O quarto de Vinícius fica no meio do corredor, à esquerda. É lá que estão o violão, as partituras, a coleção refinada de CDs: Beatles, Radiohead, R.E.M., Flaming Lips, Tom Waits, Jeff Buckley, Strokes, Air, Beastie Boys, Billie Holliday, Cateano Veloso, Vitor Ramil, João Gilberto. As fileiras são desordenadas e alguns discos cobrem os demais, mas nem preciso revirá-los para ver melhor. Já deu para entender as referências dele. Ao lado da cama de solteiro, coberta por uma colcha do Grêmio, estão um pôster do vocalista do Radiohead, Thom Yorke, o mais brilhante artista da música pop do século 21, e outro do grupo escocês de pós-rock Mogwai, autografado. Na cabeceira da cama repousam, sobre um travesseiro, o terço da primeira comunhão e um CD que estampa na capa a foto de Vinícius - bonito e concentrado, com headphones e agasalho esportivo vermelho abotoado até se formar uma gola alta. "Yoñlu" é o que está grafado na capa do disquinho digital. O estúdio caseiro onde as 23 faixas do CD foram gravadas, entre 2004 e 2006, fica no meio do mesmo corredor, à direita. Abriga o aparelho de som do garoto, mais discos, uma guitarra, um teclado e o seu computador, um PC onde os sons foram registrados com um aplicativo básico de áudio, o Cool Edit Pro, e um microfone.

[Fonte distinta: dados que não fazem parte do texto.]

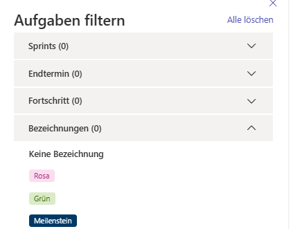 Um die markierten Meilensteine zu filtern, klicke auf „Filter“ und wähle dort „Bezeichnungen“ aus. Wähle nun die zuvor erstellte Bezeichnung „Meilenstein“. Dadurch werden alle Meilensteine im aktuellen Projektplan übersichtlich herausgefiltert und angezeigt.

Os dois cômodos mais freqüentados por Vinícius Gageiro Marques, filho único da professora universitária e psicanalista Ana Maria Gageiro, e segundo do professor universitário Luiz Marques (Fernanda é do primeiro casamento), permanecem arrumados como se ele fosse chegar a qualquer momento do tradicional Colégio Rosário, onde cursava o ensino médio, para navegar na internet e fazer música, seu passatempo predileto. A rotina dele também englobava as visitas ao analista, ao cinema, às aulas de teclado e guitarrra e, sazonalmente, a uma academia de ginástica. "Manter tudo como era faz parte da elaboração da perda", explica Luiz Marques, que me recebeu em uma tarde incandescente do verão sulista, no final de dezembro de 2007, para falar do álbum póstumo de Yoñlu, assinatura virtual (de significado ignorado) de Vinícius, que abreviou a própria vida na tarde de 26 de julho de 2006, 36 dias antes de completar 17 anos, ali mesmo, no apartamento do bairro São Geraldo, zona norte de Porto Alegre, capital do Rio Grande do Sul.

Naquele dia, o garoto permaneceu on-line até lacrar o banheiro, onde morreu por intoxicação de monóxido de carbono. Seus últimos momentos foram acompanhados por internautas com quem ele se comunicava em um fórum virtual de suicídio. Alguns inclusive deram conselhos de como agir para executar o plano preconcebido - às 14h18, Yoñlu relatou que tinha duas grelhas queimando no banheiro, postou uma foto e perguntou: "Alguém, por favor, pode dizer quando posso entrar no banheiro e deitar?"; às 14h42, um internauta pergunta: "Como você está se virando? Espero que você consiga. Talvez você vá voltar tossindo"; às 14h44, Yoñlu retorna ao computador e reclama do calor: "O que eu devo vestir para tornar isso mais suportável? Pelo amor de Deus, alguém por favor me ajude"; às 15h11, um internauta alerta que a emissão do monóxido de carbono pode afetar os vizinhos; algumas horas depois, alguém escreve que o suicídio deve ter sido consumado, pois ele não entrou mais em contato.